The two research teams did just that, using lasers to control the electrons in hydrogen atoms. Between them, they measured three electrons’ transitions between energies that had never been measured before.

From this, they calculated the proton’s radius, and their numbers not only matched each other, but also that momentous 2010 measurement. “It’s 1775836466 very, very unlikely that there is still this proton radius puzzle,” says Lothar Maisenbacher at the University of California, Berkeley, who was part of the second experiment, which was conducted at the Max Planck Institute of Quantum Optics (MPQ) in Germany.

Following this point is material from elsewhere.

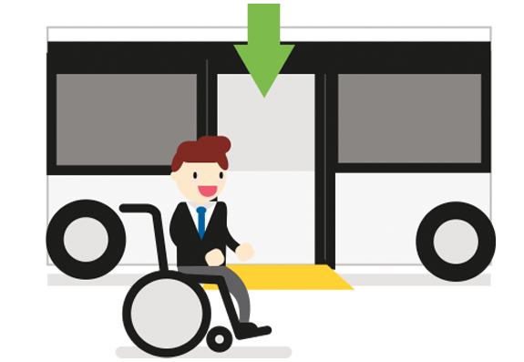 Si vas en silla de ruedas, acceder por la rampa habilitada en la puerta trasera.

This is no small feat – the sort of experiments that Maisenbacher and his colleagues carried out are notoriously difficult. Hydrogen atoms must be placed in a perfect vacuum; the required lasers are often expensive and must be calibrated extremely carefully. While three or four weeks may be enough to collect data, it can take years to catalogue and understand every possible source of disturbances and errors that could creep into the final measurement. Additionally, these experiments tend to be highly specialised in exactly how they manipulate hydrogen, so that tracking down the precise reason why their findings might diverge is typically very difficult, says Maisenbacher.

But when their findings agree, this diversity of approaches is a strength because an effect that originates with some specific instrumental glitch wouldn’t show up across experiments, says Juan Rojo at Vrije University Amsterdam in the Netherlands. “The proton radius should be a universal property; it should give the same result no matter how you look at it. This is why these two papers are quite nice, because they provide different perspectives to the same number,” he says.

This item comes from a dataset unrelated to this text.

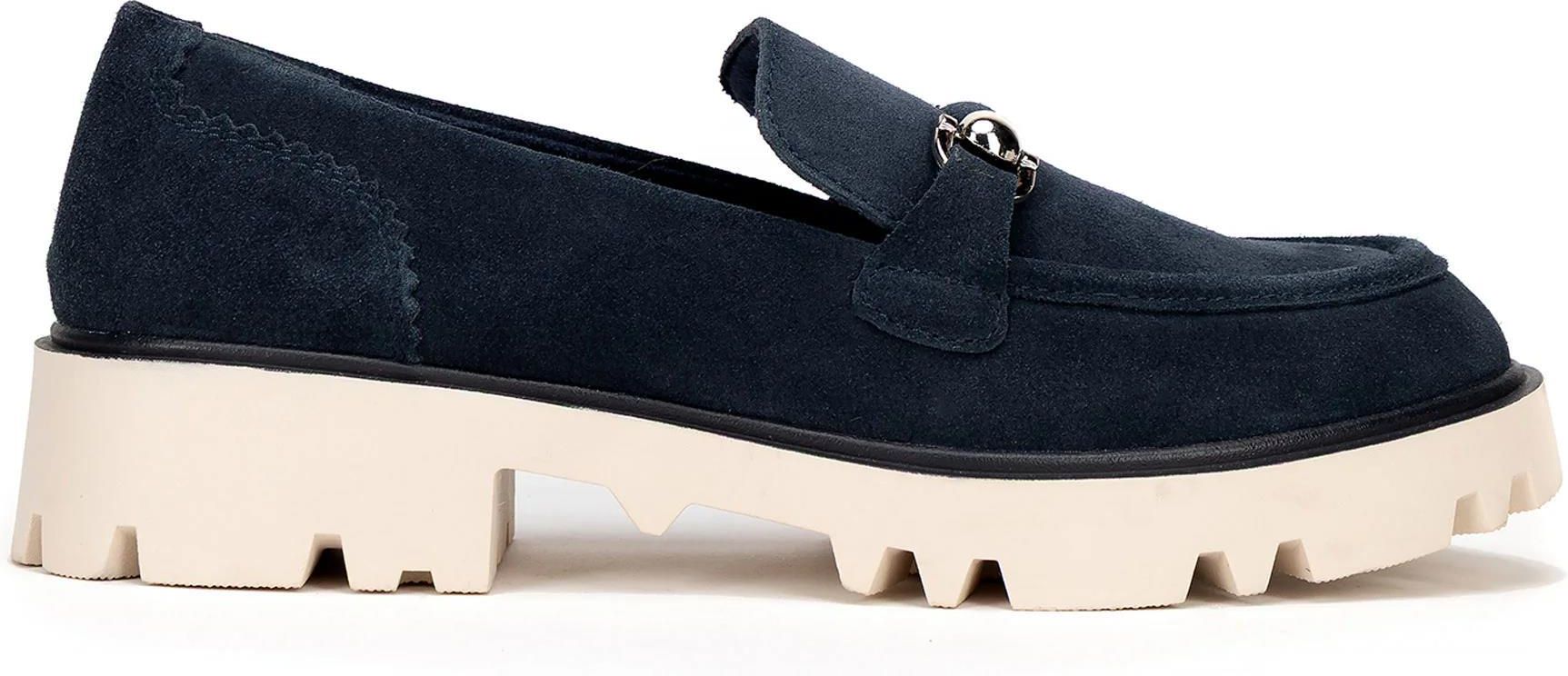 Zamszowe mokasyny z klamrą granatowe Konstancin-Jeziorna

The increased certainty in the proton’s size is especially important for fine-tuning theories about new particles that could be discovered by studying the behaviour of hydrogen’s electron, says Yost. In fact, the MPQ experiment was already precise enough to test the predictions of our best current mathematical model, called quantum electrodynamics, to an accuracy of 0.5 parts per million. The team didn’t find any discrepancies – nothing that would indicate new forces or particles – but Rojo says the two experiments pave the way for similar studies to become an important part of particle physics research.

While giant particle colliders can search for heavy new particles, these tabletop experiments with hydrogen atoms and lasers could look for very light particles that would otherwise remain hidden, says Yost. “Now that we have confidence that we really understand what’s going on, we can say, OK, what sort of limits can we put on new physics?” he says.